Content starts

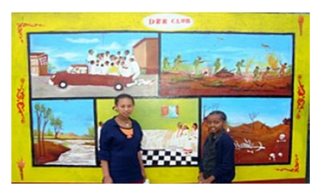
Children in DRR clubs presenting different hazards by drawing on the wall at Metababer school in Addis Ababa.
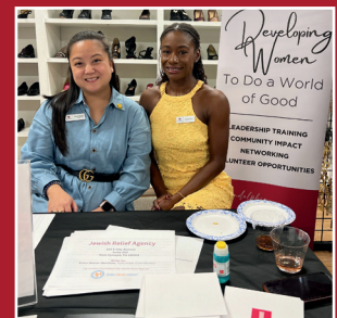
Find the Good Day
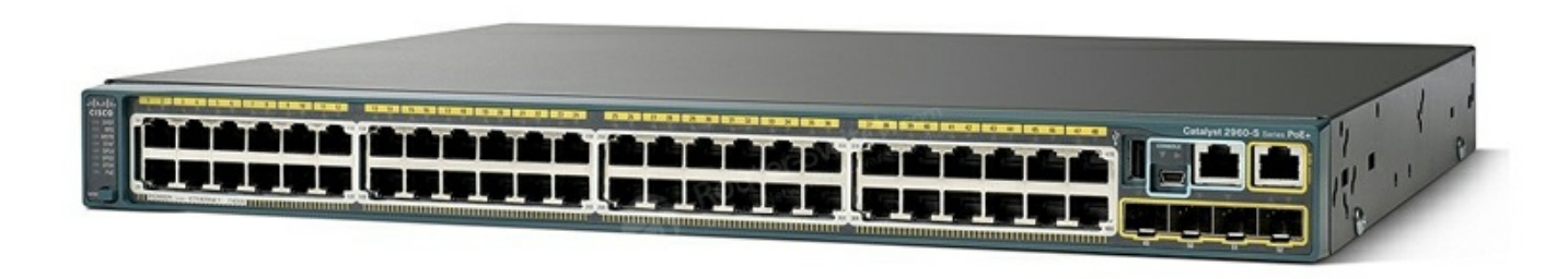
Table 1 shows the Quick Spec of the WS-C2960S-48FPS-L.

Figure 1 shows the appearance of the WS-C2960S-48FPS-L.
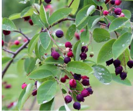
Amelanchier canadensis Shadblow Serviceberry existing

HEIGHT: 25' to 35' TYPE: Deciduous Tree HARDINESS: Zone 4 to 8 BLOOM COLOR: White BLOOM PERIOD: April to May FALL LEAF COLOR: Orange NATIVE: Yes
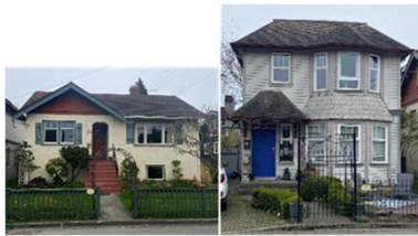
25/27 Lewis Street, 1936 and 1994
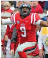
◀ RED TOP/ GRAY PANTS
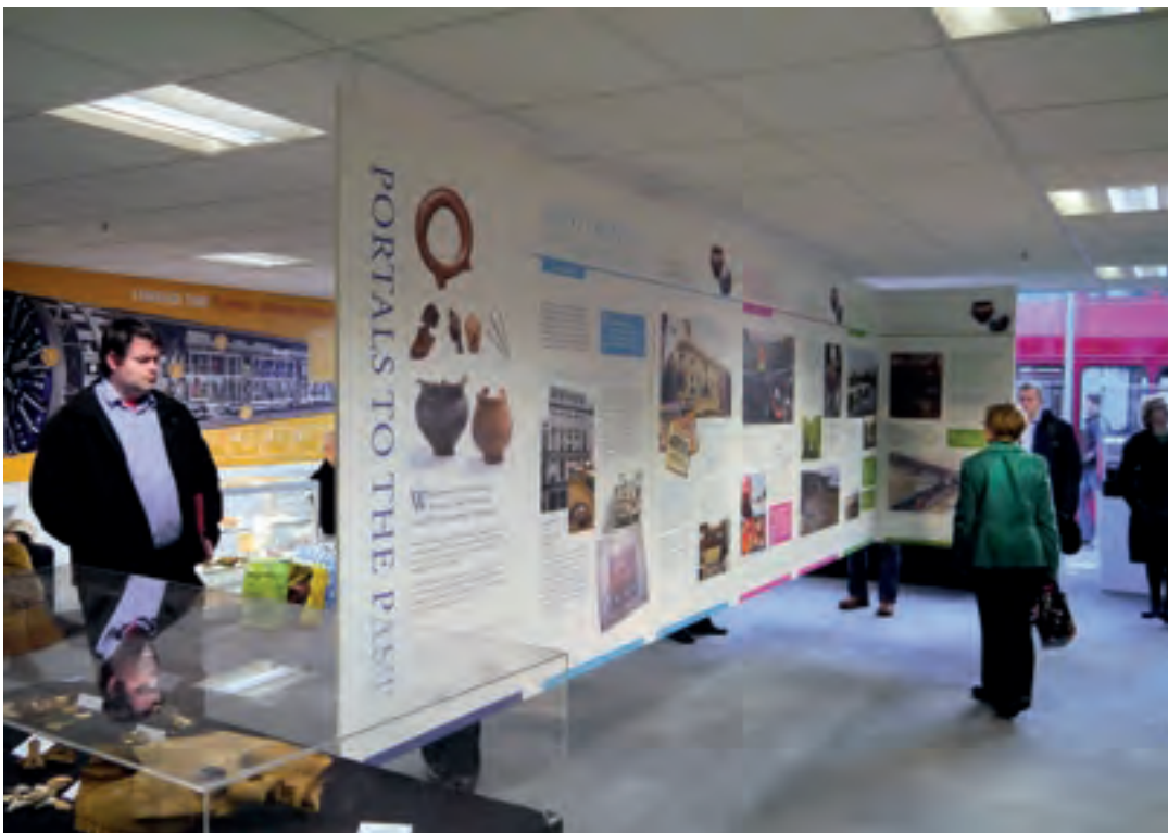
Portals to the Past exhibition

period and Portals to the Past in 2014 attracted more than 3,500 visitors.

Content ends

Assigned task: Wherever a line above contains "shows", copy that line.

Reply:
Table 1 shows the Quick Spec of the WS-C2960S-48FPS-L.
Figure 1 shows the appearance of the WS-C2960S-48FPS-L.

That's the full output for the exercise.